== Segment start ==

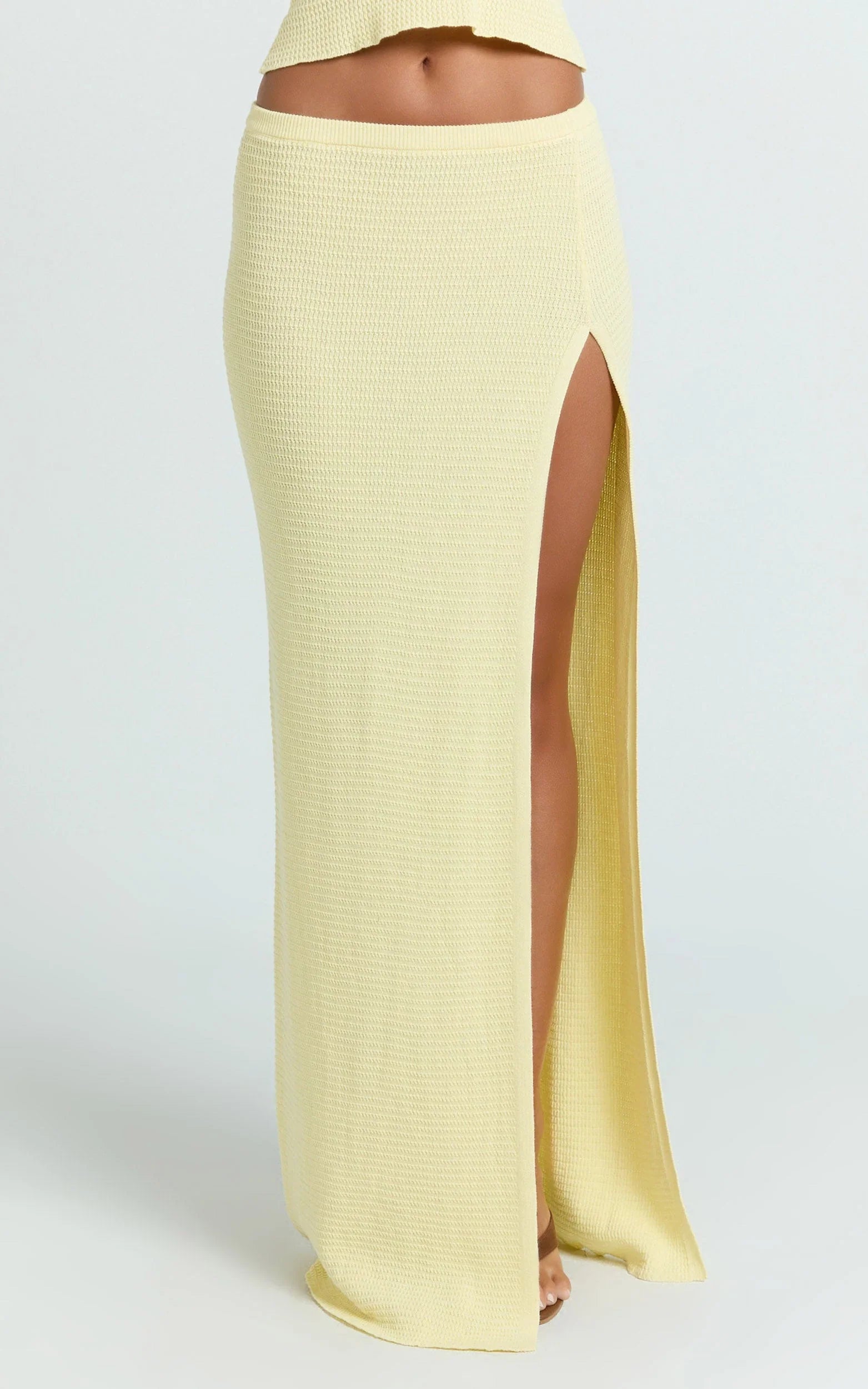 This low-waist crochet maxi brings flirty energy in zesty lemon with a thigh-high split that shows just enough. Effortlessly chic for holidays, brunches, and nights out, it nails Minimalist Chic with a statement twist, think sleek lines, elongating silhouette, and a body-skimming vibe that moves with you. The yellow hue pops against sunkissed skin while the split adds drama for that legs-for-days effect.
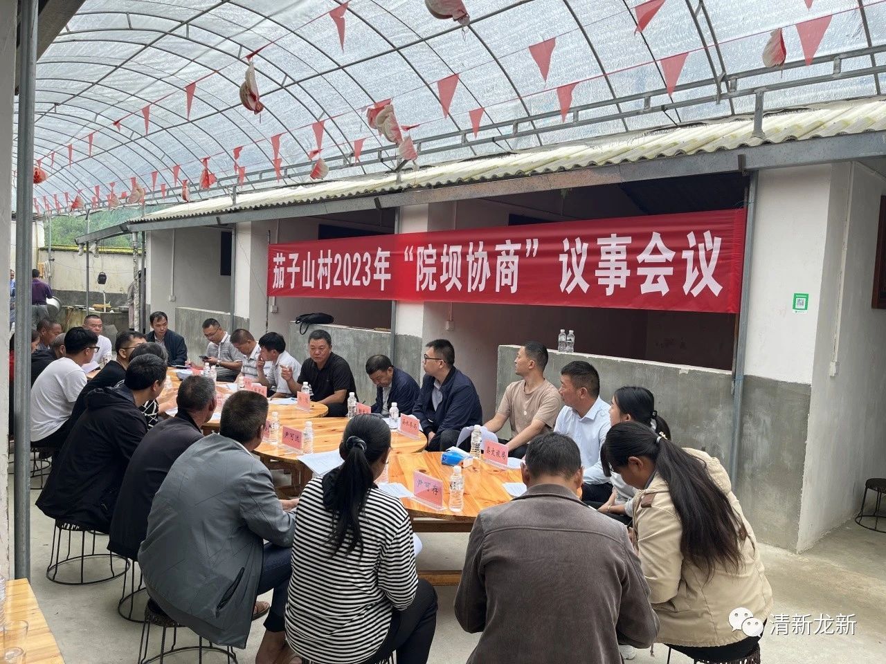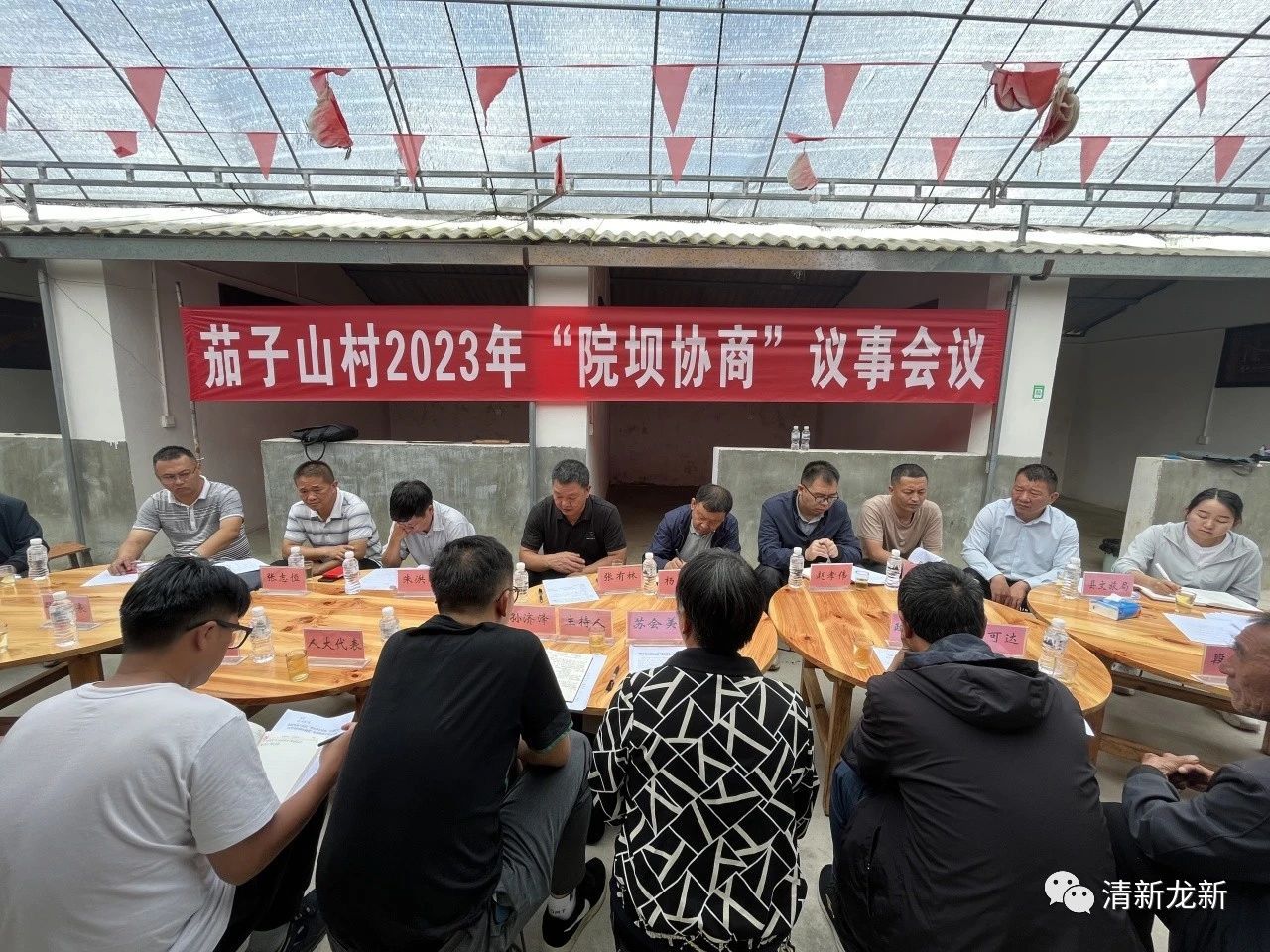8月17日上午,龙新乡茄子山村2023年“院坝协商”议事会议在茄子山村大秧田水库边召开,县政协、县水务局、县文旅局和乡村干部、人大代表、政协委员、群众代表等30余人围坐在一起就“用好现有资源,打通绿水青山转换金山银山通道”开展热烈讨论,用心用情谋划茄子山村乡村振兴新篇章。
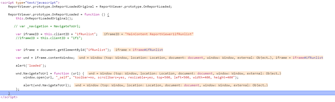 override NavigateToUrl(url, target) so that the report is displayed in the
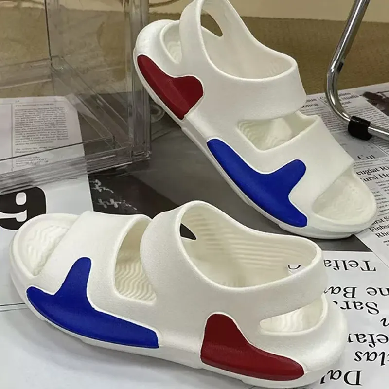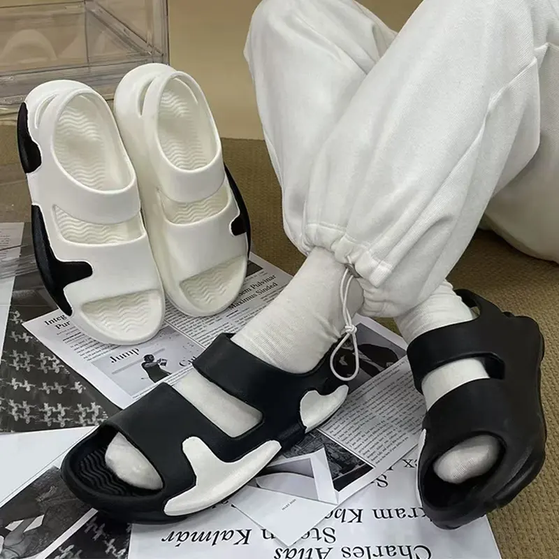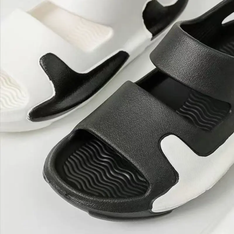 Våre tykke-soled høydeforbedrende par sandaler har en elastisk mellomsåle på omtrent 3 cm tyknet, noe som gir en behagelig følelse for føttene mens du modifiserer benformen for å gjøre den slank og slank. Den utdypede geometriske anti-skli-tekstur har sterkt grep, stabil struktur og er ikke lett å skli når du tråkker på vann. Vi bruker injeksjonsstøping og skummingsteknologi, støping i ett stykke, og det er ikke lett å deformeres etter langvarig slitasje.
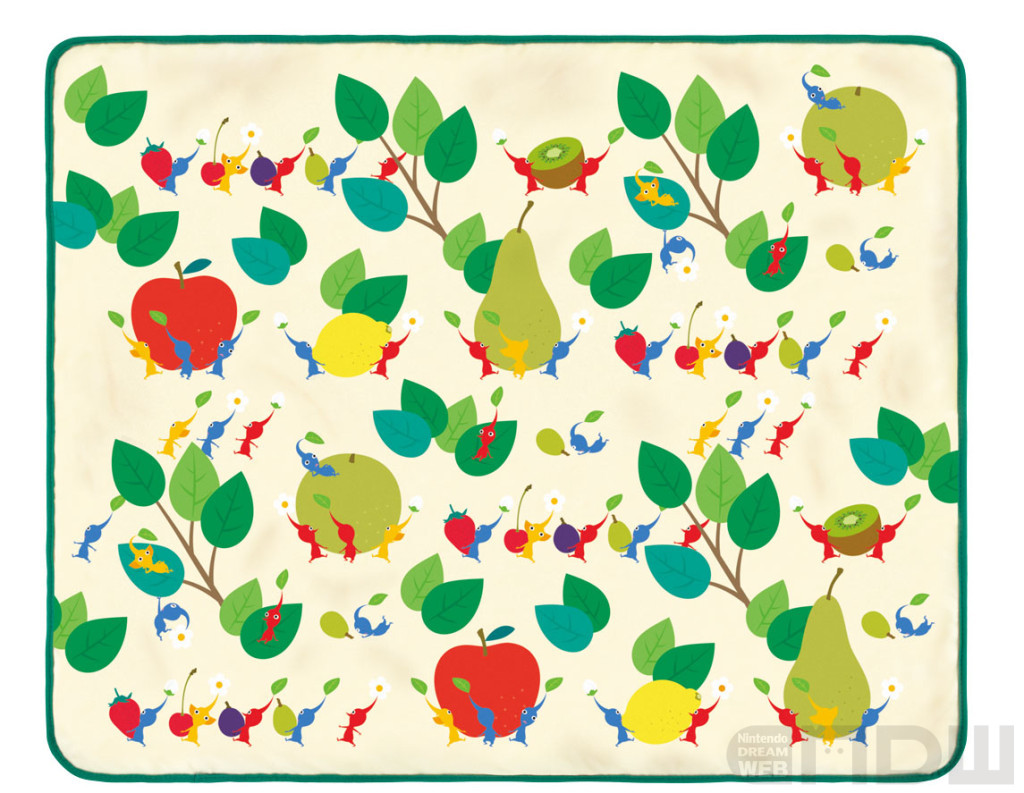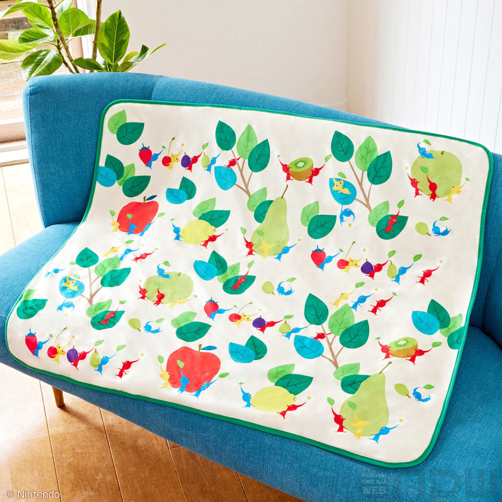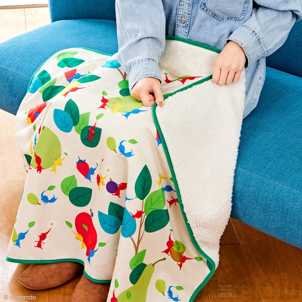 果実をせっせと運ぶピクミンたちが全面にデザインされたブランケットです。たまに座ったり寝転んでリラックスしていたり、転んだり葉っぱから落ちそうになっているピクミンが居たりなど、色々な姿が見られます♪ 裏側はモコモコ素材になっているので、肌寒い時に大活躍してくれます!
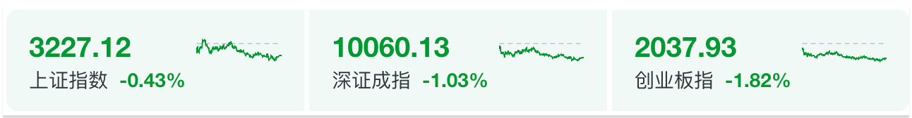 A股三大指数今日集体下跌,截至收盘,沪指跌0.43%,深成指跌1.03%,创业板指跌1.82%,北证50指数跌0.28%。全市场成交额12119亿元,较上日缩量1601亿元。全市场超3500只个股飘绿。
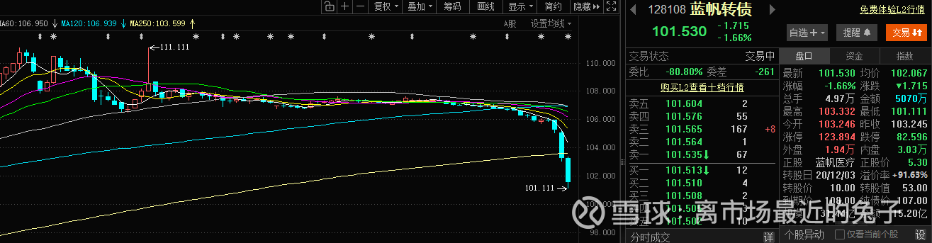 蓝帆转债:虽然正股波动幅度不大,但蓝帆转债出现情绪面的回调,跌至101附近,带崩低位转债市场,如果持有到期,将会获得6.3%的收益率,能够跑赢大部分理财产品。
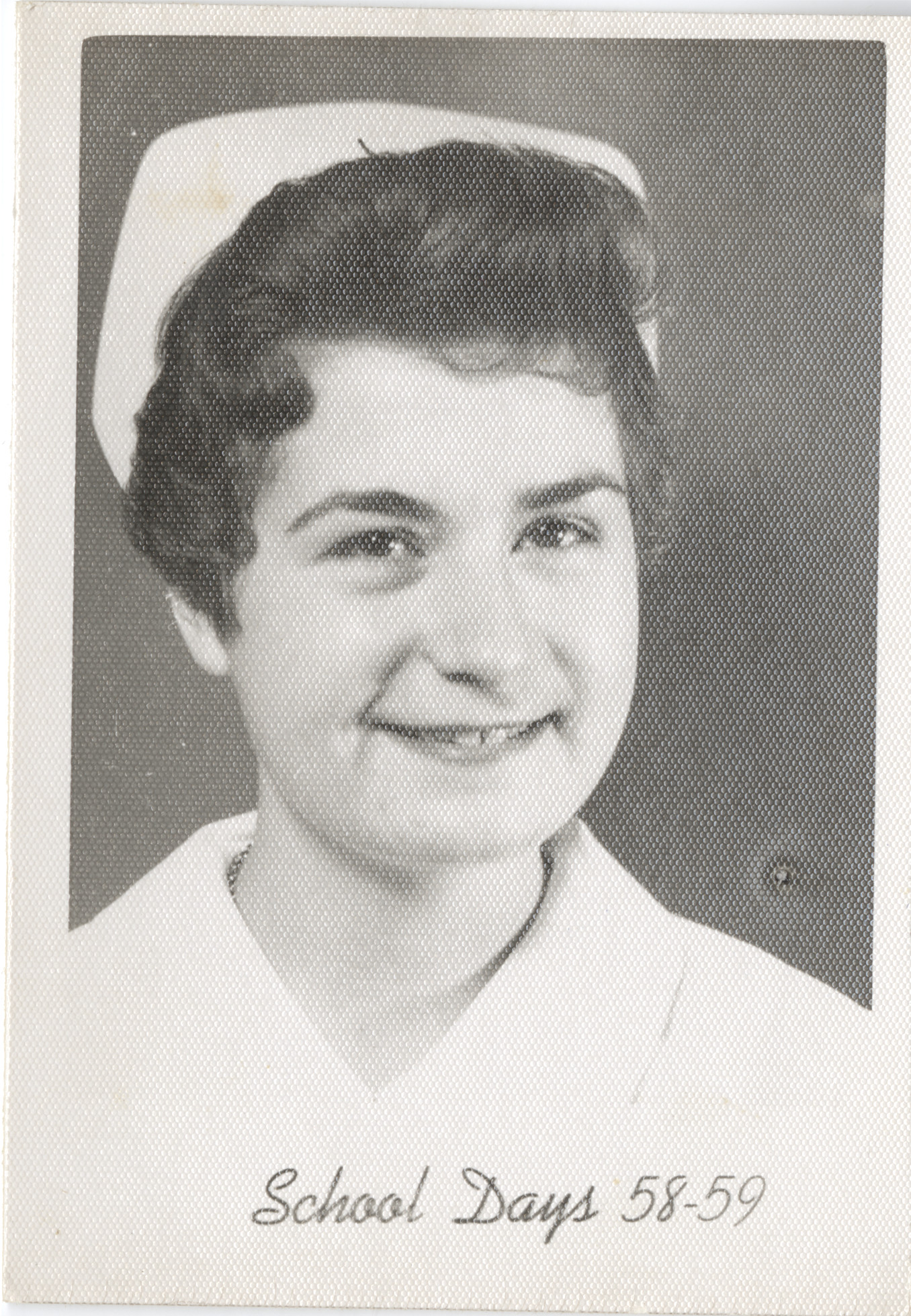 - Black and white portrait photo of Carol Burns, Mercy Hospital School of Nursing class of 1959. On back, "Ginny-to my walking buddy- we'll have to go shopping again. Will remember "peace" & our 13 wks here. Your sassy friend, Carol "Burnzie".
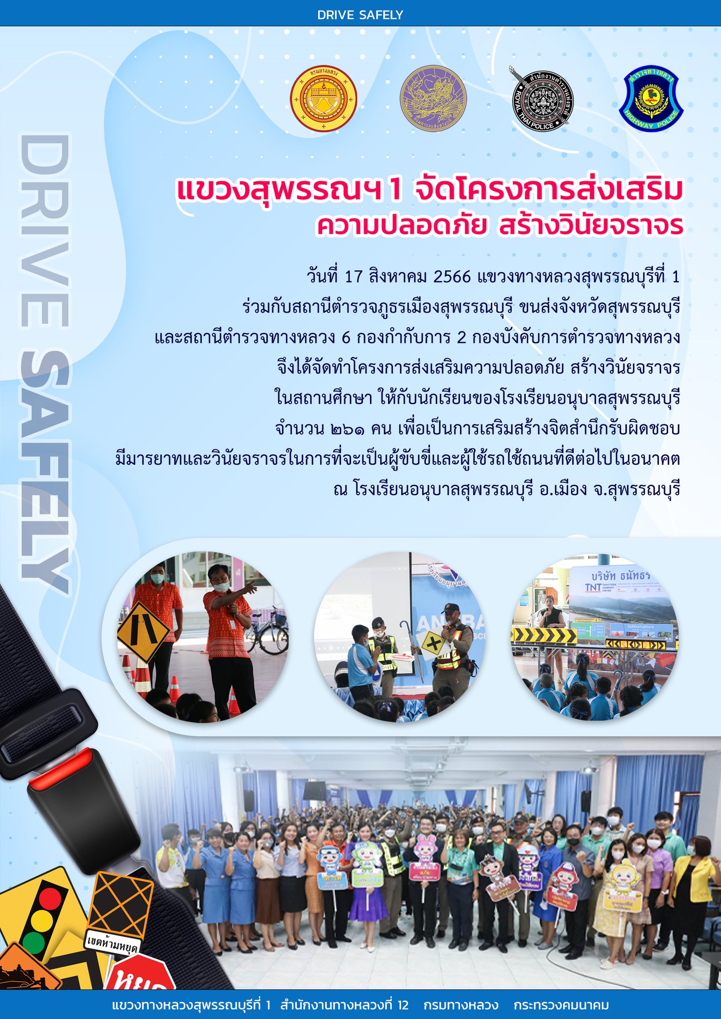 วันที่ 17 สิงหาคม 2566 แขวงทางหลวงสุพรรณบุรีที่ 1 ร่วมกับสถานีตำรวจภูธรเมืองสุพรรณบุรี ขนส่งจังหวัดสุพรรณบุรี และสถานีตำรวจทางหลวง 6 กองกำกับการ 2 กองบังคับการตำรวจทางหลวง จึงได้จัดทำโครงการส่งเสริมความปลอดภัย สร้างวินัยจราจร ในสถานศึกษา ให้กับนักเรียนของโรงเรียนอนุบาลสุพรรณบุรี จำนวน ๒๖๑ คน เพื่อเป็นการเสริมสร้างจิตสำนึกรับผิดชอบ มีมารยาทและวินัยจราจรในการที่จะเป็นผู้ขับขี่และผู้ใช้รถใช้ถนนที่ดีต่อไปในอนาคต และมีภาคเอกชนเข้าร่วมในการให้ความรู้กับน้องๆ จาก บริษัท ธนัทธร จำกัด ณ โรงเรียนอนุบาลสุพรรณบุรี อ.เมือง จ.สุพรรณบุรี
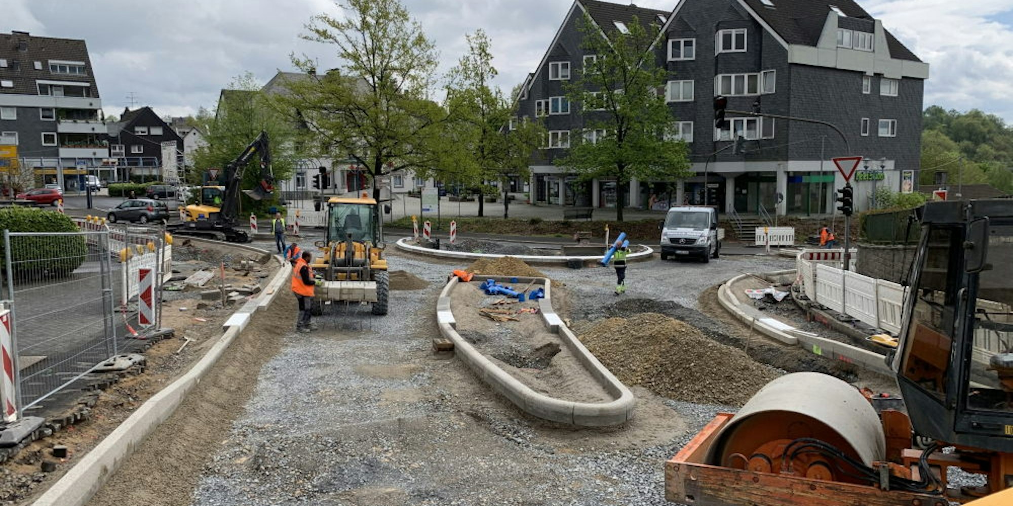 Marienheide – Am neuen Marienheide wird schon jetzt kräftig gebaut. In diesen Wochen entstehen auf der Leppestraße zwei Mini-Kreisverkehre, die Arbeiten kommen gut voran. Wer von der Scharder Straße auf die Baustelle blickt, hat einen guten Eindruck von der künftigen, runden Anmutung der bisherigen Ampel-Einmündung. Die Straßensanierung hat die Gemeinde jetzt in einen Ideenplan einfließen lassen. Er könnte die Richtung für eine Entwicklung des Ortszentrums vorgeben, die über die Maßnahmen des beschlossenen Integrierten Stadtentwicklungskonzepts (Isek) hinausgeht.

== Segment end ==

- [EXERCISE INSTRUCTIONS] Every line above is to be written out unchanged, with the pictures omitted.

- [RESPONSE BOX]
 This low-waist crochet maxi brings flirty energy in zesty lemon with a thigh-high split that shows just enough. Effortlessly chic for holidays, brunches, and nights out, it nails Minimalist Chic with a statement twist, think sleek lines, elongating silhouette, and a body-skimming vibe that moves with you. The yellow hue pops against sunkissed skin while the split adds drama for that legs-for-days effect.
8月17日上午,龙新乡茄子山村2023年“院坝协商”议事会议在茄子山村大秧田水库边召开,县政协、县水务局、县文旅局和乡村干部、人大代表、政协委员、群众代表等30余人围坐在一起就“用好现有资源,打通绿水青山转换金山银山通道”开展热烈讨论,用心用情谋划茄子山村乡村振兴新篇章。
 override NavigateToUrl(url, target) so that the report is displayed in the
 Våre tykke-soled høydeforbedrende par sandaler har en elastisk mellomsåle på omtrent 3 cm tyknet, noe som gir en behagelig følelse for føttene mens du modifiserer benformen for å gjøre den slank og slank. Den utdypede geometriske anti-skli-tekstur har sterkt grep, stabil struktur og er ikke lett å skli når du tråkker på vann. Vi bruker injeksjonsstøping og skummingsteknologi, støping i ett stykke, og det er ikke lett å deformeres etter langvarig slitasje.
 果実をせっせと運ぶピクミンたちが全面にデザインされたブランケットです。たまに座ったり寝転んでリラックスしていたり、転んだり葉っぱから落ちそうになっているピクミンが居たりなど、色々な姿が見られます♪ 裏側はモコモコ素材になっているので、肌寒い時に大活躍してくれます!
 A股三大指数今日集体下跌,截至收盘,沪指跌0.43%,深成指跌1.03%,创业板指跌1.82%,北证50指数跌0.28%。全市场成交额12119亿元,较上日缩量1601亿元。全市场超3500只个股飘绿。
 蓝帆转债:虽然正股波动幅度不大,但蓝帆转债出现情绪面的回调,跌至101附近,带崩低位转债市场,如果持有到期,将会获得6.3%的收益率,能够跑赢大部分理财产品。
 - Black and white portrait photo of Carol Burns, Mercy Hospital School of Nursing class of 1959. On back, "Ginny-to my walking buddy- we'll have to go shopping again. Will remember "peace" & our 13 wks here. Your sassy friend, Carol "Burnzie".
 วันที่ 17 สิงหาคม 2566 แขวงทางหลวงสุพรรณบุรีที่ 1 ร่วมกับสถานีตำรวจภูธรเมืองสุพรรณบุรี ขนส่งจังหวัดสุพรรณบุรี และสถานีตำรวจทางหลวง 6 กองกำกับการ 2 กองบังคับการตำรวจทางหลวง จึงได้จัดทำโครงการส่งเสริมความปลอดภัย สร้างวินัยจราจร ในสถานศึกษา ให้กับนักเรียนของโรงเรียนอนุบาลสุพรรณบุรี จำนวน ๒๖๑ คน เพื่อเป็นการเสริมสร้างจิตสำนึกรับผิดชอบ มีมารยาทและวินัยจราจรในการที่จะเป็นผู้ขับขี่และผู้ใช้รถใช้ถนนที่ดีต่อไปในอนาคต และมีภาคเอกชนเข้าร่วมในการให้ความรู้กับน้องๆ จาก บริษัท ธนัทธร จำกัด ณ โรงเรียนอนุบาลสุพรรณบุรี อ.เมือง จ.สุพรรณบุรี
 Marienheide – Am neuen Marienheide wird schon jetzt kräftig gebaut. In diesen Wochen entstehen auf der Leppestraße zwei Mini-Kreisverkehre, die Arbeiten kommen gut voran. Wer von der Scharder Straße auf die Baustelle blickt, hat einen guten Eindruck von der künftigen, runden Anmutung der bisherigen Ampel-Einmündung. Die Straßensanierung hat die Gemeinde jetzt in einen Ideenplan einfließen lassen. Er könnte die Richtung für eine Entwicklung des Ortszentrums vorgeben, die über die Maßnahmen des beschlossenen Integrierten Stadtentwicklungskonzepts (Isek) hinausgeht.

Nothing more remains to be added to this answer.